START DATA EXCERPTS
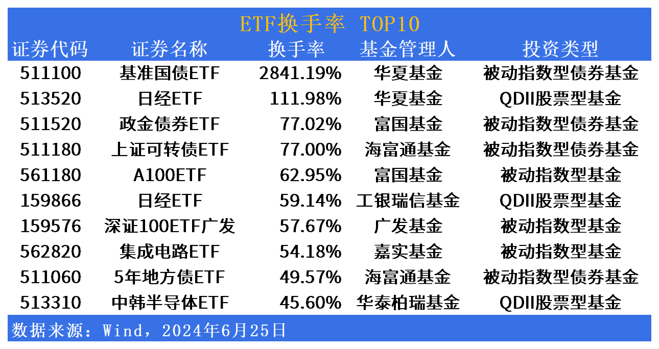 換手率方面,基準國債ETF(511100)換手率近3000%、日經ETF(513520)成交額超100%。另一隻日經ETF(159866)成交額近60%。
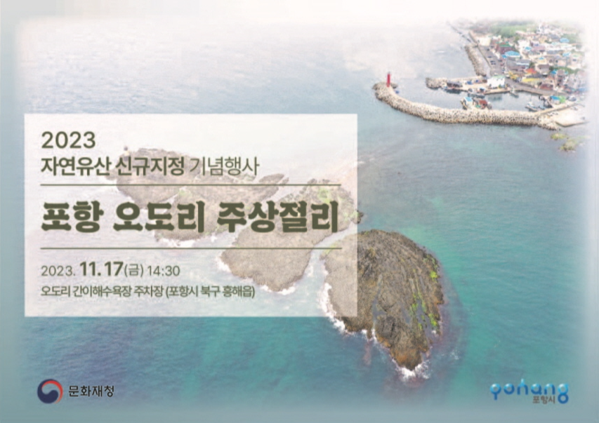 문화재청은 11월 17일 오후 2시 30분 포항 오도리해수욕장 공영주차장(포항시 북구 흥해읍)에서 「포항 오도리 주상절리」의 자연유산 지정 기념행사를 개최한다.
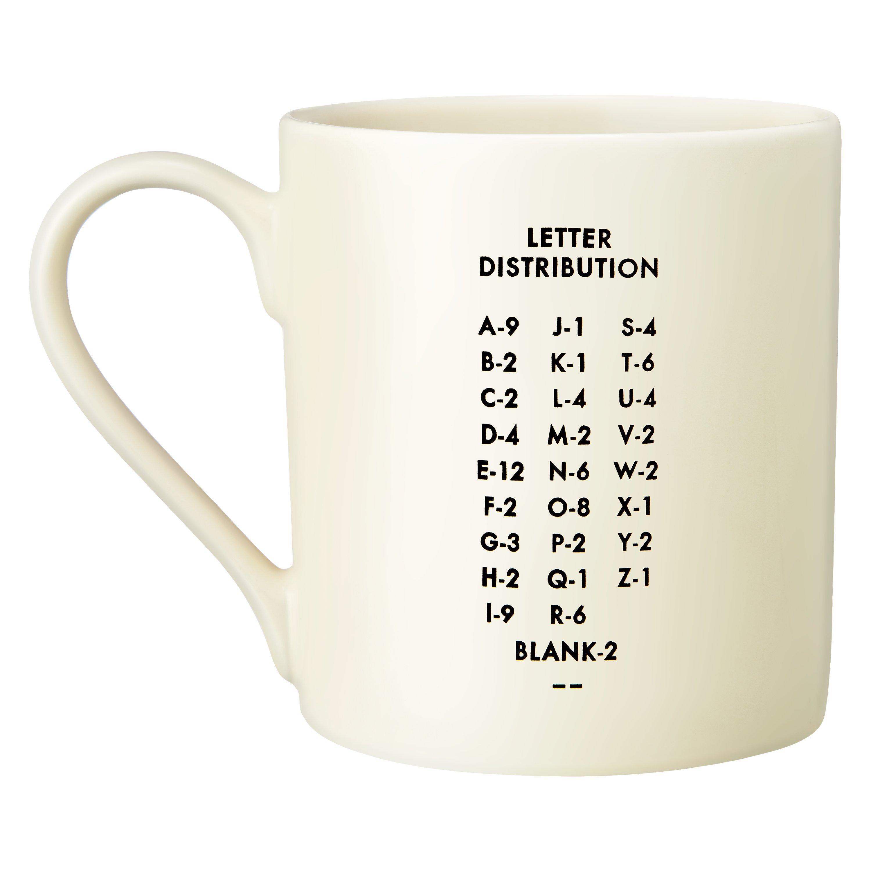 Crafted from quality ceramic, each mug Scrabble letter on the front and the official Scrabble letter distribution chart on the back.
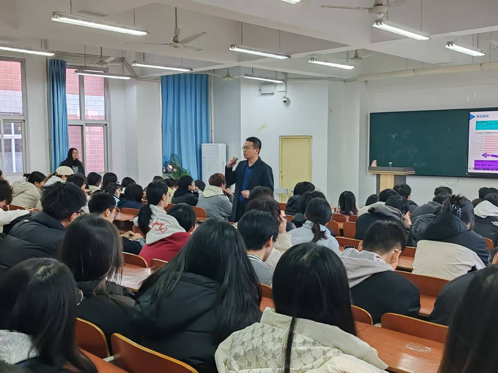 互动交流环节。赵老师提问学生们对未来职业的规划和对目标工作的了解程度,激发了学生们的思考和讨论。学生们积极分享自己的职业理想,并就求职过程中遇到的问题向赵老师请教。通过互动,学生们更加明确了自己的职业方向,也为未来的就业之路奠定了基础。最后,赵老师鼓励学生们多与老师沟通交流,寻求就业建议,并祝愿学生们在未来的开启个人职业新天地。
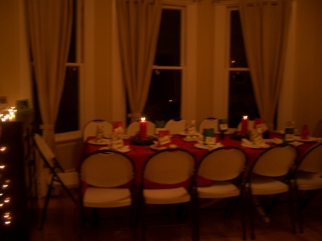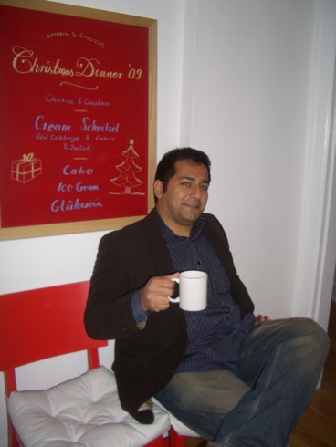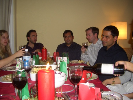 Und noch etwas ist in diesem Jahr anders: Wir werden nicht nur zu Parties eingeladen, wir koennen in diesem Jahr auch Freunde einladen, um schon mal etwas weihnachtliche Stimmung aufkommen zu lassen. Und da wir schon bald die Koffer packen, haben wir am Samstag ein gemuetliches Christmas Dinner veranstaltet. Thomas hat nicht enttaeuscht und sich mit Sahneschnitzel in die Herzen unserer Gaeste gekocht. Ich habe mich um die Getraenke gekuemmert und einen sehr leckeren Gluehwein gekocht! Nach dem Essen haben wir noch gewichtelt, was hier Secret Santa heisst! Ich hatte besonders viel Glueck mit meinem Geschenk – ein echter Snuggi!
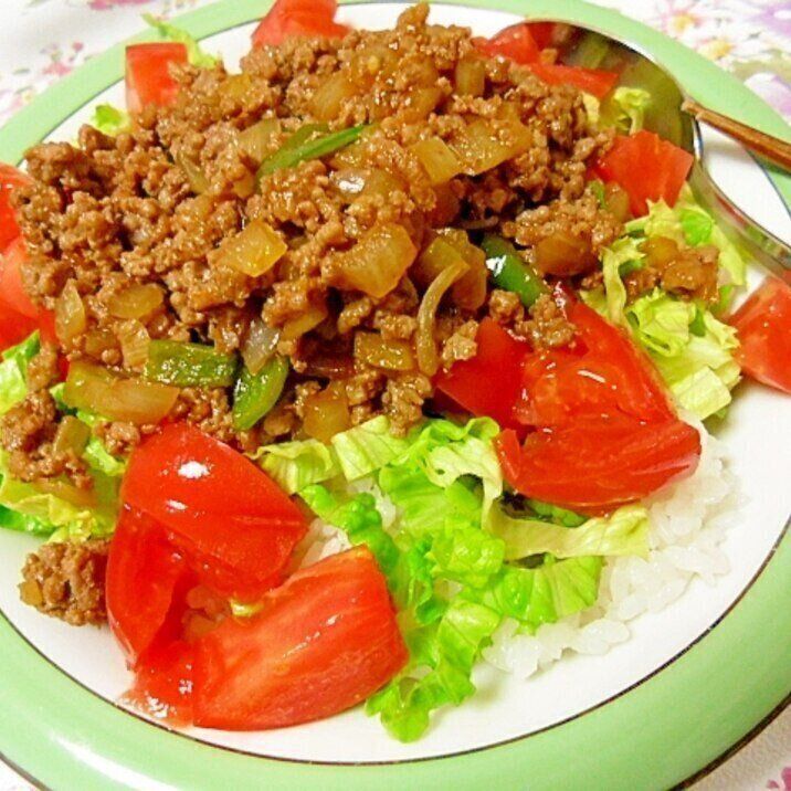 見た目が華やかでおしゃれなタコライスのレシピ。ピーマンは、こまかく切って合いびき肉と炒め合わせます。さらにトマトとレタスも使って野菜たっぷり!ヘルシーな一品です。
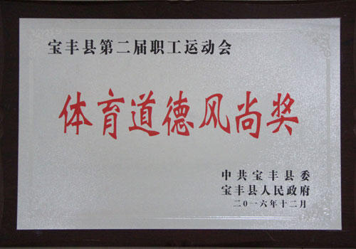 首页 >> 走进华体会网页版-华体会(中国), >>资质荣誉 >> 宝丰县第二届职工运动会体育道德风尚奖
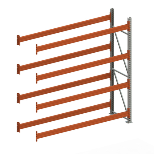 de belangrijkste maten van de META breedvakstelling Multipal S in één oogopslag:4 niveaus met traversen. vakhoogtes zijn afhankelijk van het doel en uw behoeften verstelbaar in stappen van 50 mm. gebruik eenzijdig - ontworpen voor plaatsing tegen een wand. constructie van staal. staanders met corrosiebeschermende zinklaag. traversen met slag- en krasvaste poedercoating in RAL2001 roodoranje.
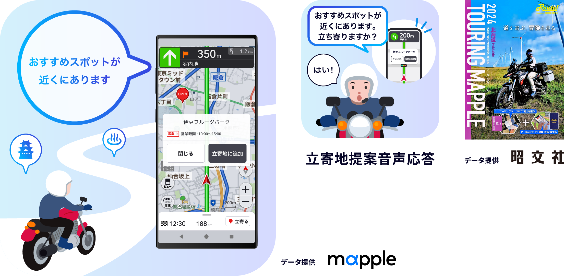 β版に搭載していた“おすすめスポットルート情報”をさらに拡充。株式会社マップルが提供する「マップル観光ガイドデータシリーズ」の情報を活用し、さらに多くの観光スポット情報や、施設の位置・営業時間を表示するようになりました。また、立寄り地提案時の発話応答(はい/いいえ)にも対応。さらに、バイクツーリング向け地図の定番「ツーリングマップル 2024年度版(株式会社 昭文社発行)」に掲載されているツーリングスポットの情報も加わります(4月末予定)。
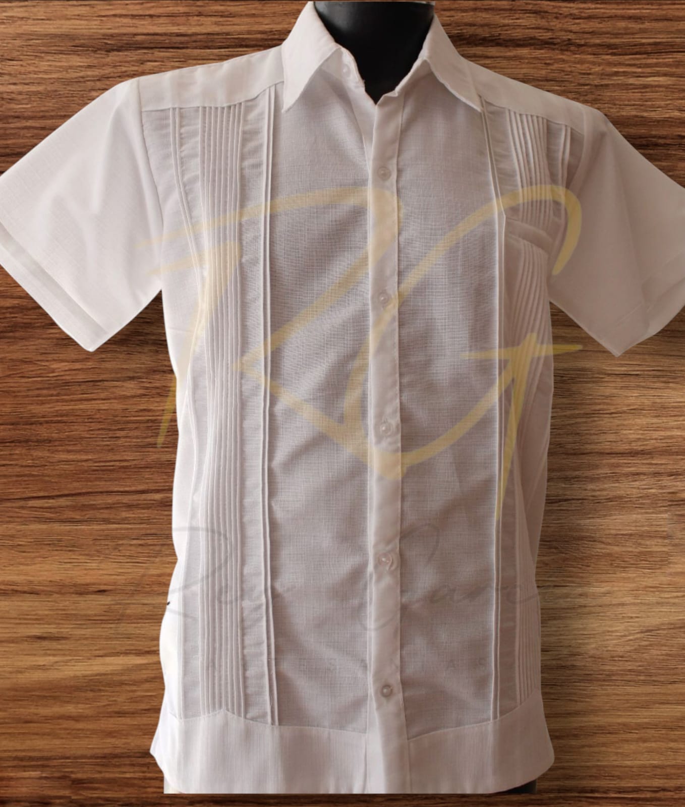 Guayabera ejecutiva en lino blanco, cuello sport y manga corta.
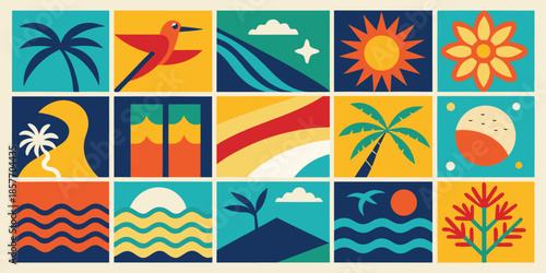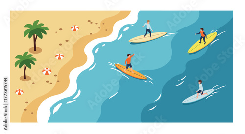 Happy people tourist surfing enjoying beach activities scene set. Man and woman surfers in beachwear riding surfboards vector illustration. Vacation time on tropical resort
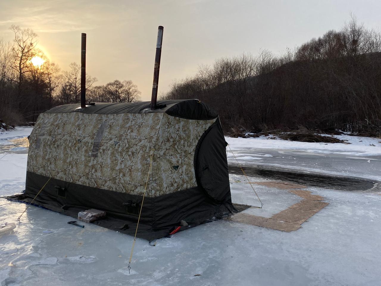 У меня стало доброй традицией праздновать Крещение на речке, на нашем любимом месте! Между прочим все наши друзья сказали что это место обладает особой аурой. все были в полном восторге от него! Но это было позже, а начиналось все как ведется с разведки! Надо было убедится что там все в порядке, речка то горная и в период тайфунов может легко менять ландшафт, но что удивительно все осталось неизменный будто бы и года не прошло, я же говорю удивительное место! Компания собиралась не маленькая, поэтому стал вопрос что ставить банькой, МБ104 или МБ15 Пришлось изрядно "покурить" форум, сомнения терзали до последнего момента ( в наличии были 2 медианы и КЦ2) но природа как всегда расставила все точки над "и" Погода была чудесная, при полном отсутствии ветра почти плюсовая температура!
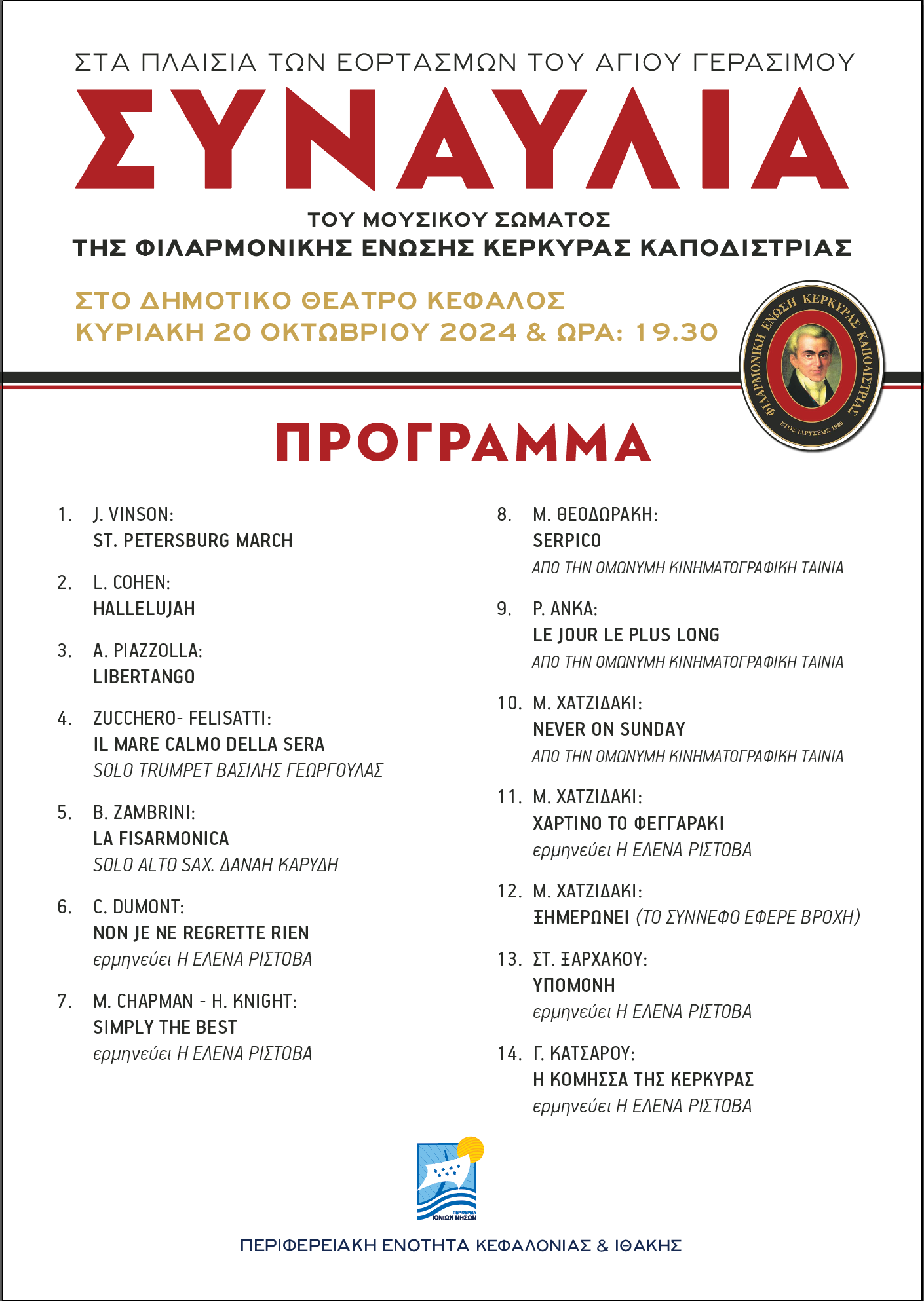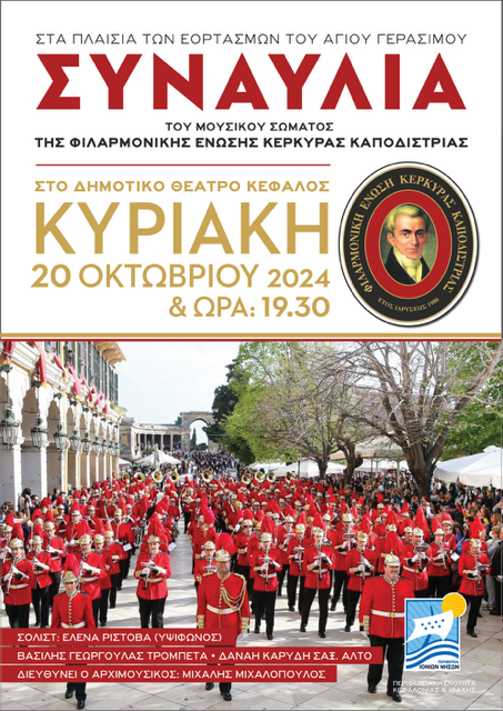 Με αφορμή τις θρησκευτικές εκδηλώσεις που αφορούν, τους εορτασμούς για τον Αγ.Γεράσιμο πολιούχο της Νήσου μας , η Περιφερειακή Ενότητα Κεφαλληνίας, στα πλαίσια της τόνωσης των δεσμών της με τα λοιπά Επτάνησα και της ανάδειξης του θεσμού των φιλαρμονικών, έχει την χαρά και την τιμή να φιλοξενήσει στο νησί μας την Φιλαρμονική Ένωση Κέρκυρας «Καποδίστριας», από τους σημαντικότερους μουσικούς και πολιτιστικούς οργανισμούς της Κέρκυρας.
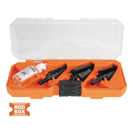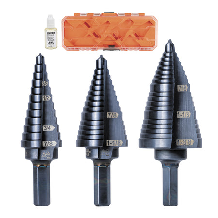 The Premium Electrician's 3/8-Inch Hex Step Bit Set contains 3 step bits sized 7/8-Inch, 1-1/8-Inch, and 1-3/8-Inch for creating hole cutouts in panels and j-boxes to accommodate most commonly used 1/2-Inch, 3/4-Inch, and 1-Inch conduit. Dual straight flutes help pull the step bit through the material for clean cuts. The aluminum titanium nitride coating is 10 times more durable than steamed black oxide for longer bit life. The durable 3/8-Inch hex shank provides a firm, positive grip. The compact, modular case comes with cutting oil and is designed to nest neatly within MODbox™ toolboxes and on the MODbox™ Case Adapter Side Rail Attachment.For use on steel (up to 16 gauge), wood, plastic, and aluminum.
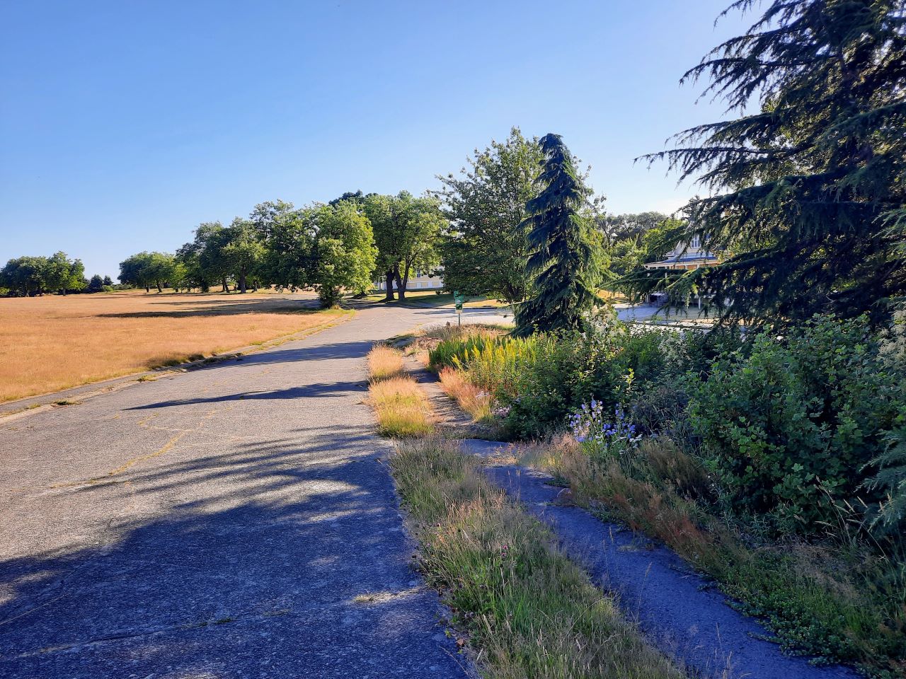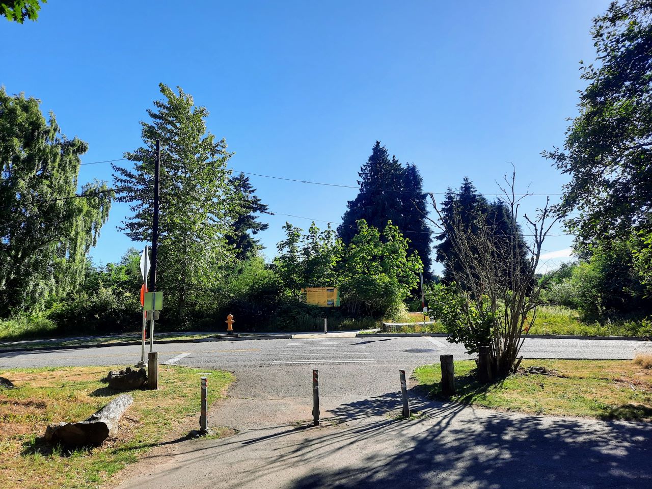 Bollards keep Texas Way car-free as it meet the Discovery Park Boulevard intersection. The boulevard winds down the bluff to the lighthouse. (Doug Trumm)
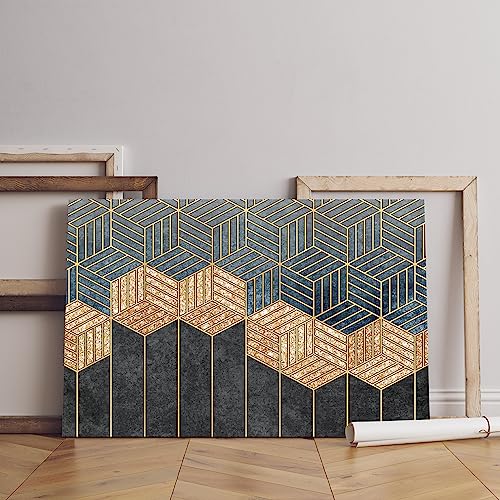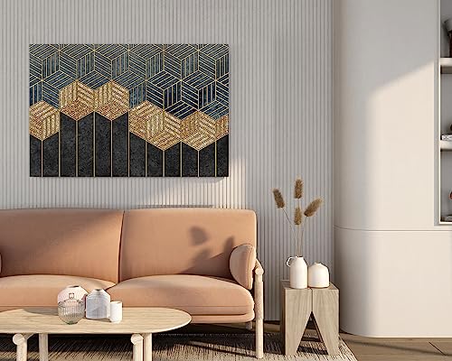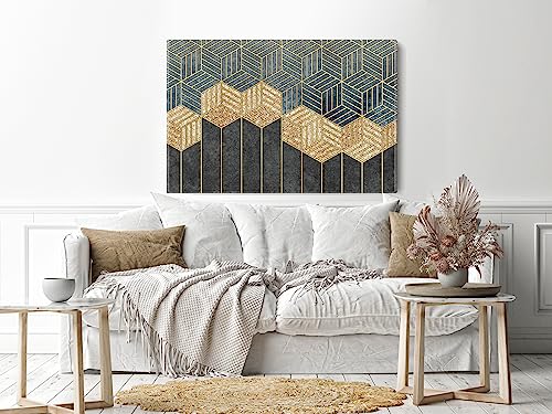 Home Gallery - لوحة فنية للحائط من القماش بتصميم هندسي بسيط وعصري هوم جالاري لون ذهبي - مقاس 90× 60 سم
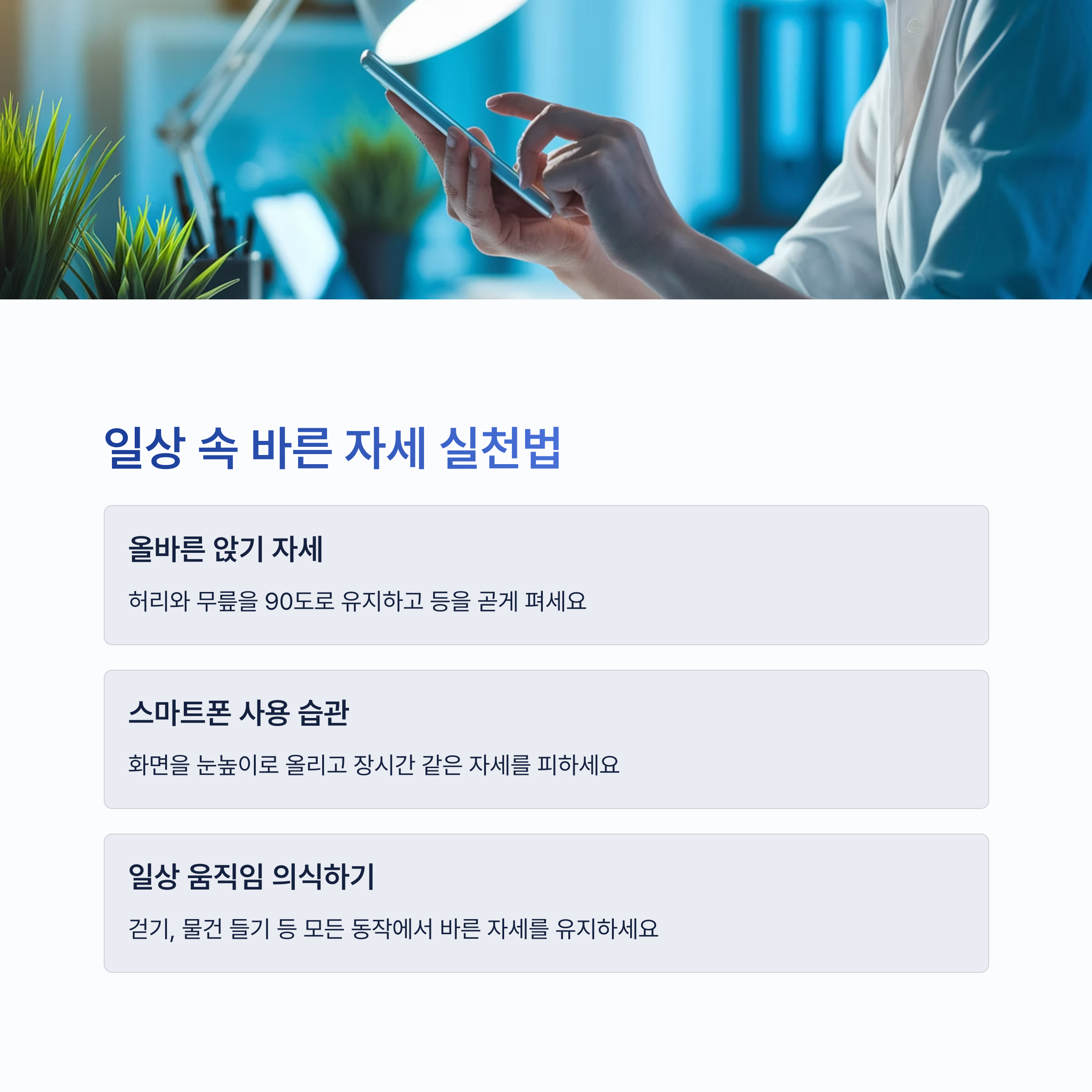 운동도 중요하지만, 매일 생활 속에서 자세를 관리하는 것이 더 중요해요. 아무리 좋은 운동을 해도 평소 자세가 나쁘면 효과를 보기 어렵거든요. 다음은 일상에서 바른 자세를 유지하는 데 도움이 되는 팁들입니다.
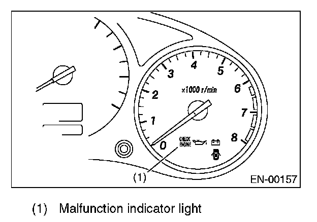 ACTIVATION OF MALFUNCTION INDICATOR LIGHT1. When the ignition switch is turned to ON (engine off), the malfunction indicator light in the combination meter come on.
END DATA EXCERPTS
=== HOW TO COMPLETE THIS TASK ===
Keep to the lines above from the line with "見た目が華やかでおしゃれなタ" to the line with "Happy people tourist", and set down exactly those, inclusive, with nothing else and every picture left out.

=== RESPONSE BOX ===
 見た目が華やかでおしゃれなタコライスのレシピ。ピーマンは、こまかく切って合いびき肉と炒め合わせます。さらにトマトとレタスも使って野菜たっぷり!ヘルシーな一品です。
 首页 >> 走进华体会网页版-华体会(中国), >>资质荣誉 >> 宝丰县第二届职工运动会体育道德风尚奖
 de belangrijkste maten van de META breedvakstelling Multipal S in één oogopslag:4 niveaus met traversen. vakhoogtes zijn afhankelijk van het doel en uw behoeften verstelbaar in stappen van 50 mm. gebruik eenzijdig - ontworpen voor plaatsing tegen een wand. constructie van staal. staanders met corrosiebeschermende zinklaag. traversen met slag- en krasvaste poedercoating in RAL2001 roodoranje.
 β版に搭載していた“おすすめスポットルート情報”をさらに拡充。株式会社マップルが提供する「マップル観光ガイドデータシリーズ」の情報を活用し、さらに多くの観光スポット情報や、施設の位置・営業時間を表示するようになりました。また、立寄り地提案時の発話応答(はい/いいえ)にも対応。さらに、バイクツーリング向け地図の定番「ツーリングマップル 2024年度版(株式会社 昭文社発行)」に掲載されているツーリングスポットの情報も加わります(4月末予定)。
 Guayabera ejecutiva en lino blanco, cuello sport y manga corta.
 Happy people tourist surfing enjoying beach activities scene set. Man and woman surfers in beachwear riding surfboards vector illustration. Vacation time on tropical resort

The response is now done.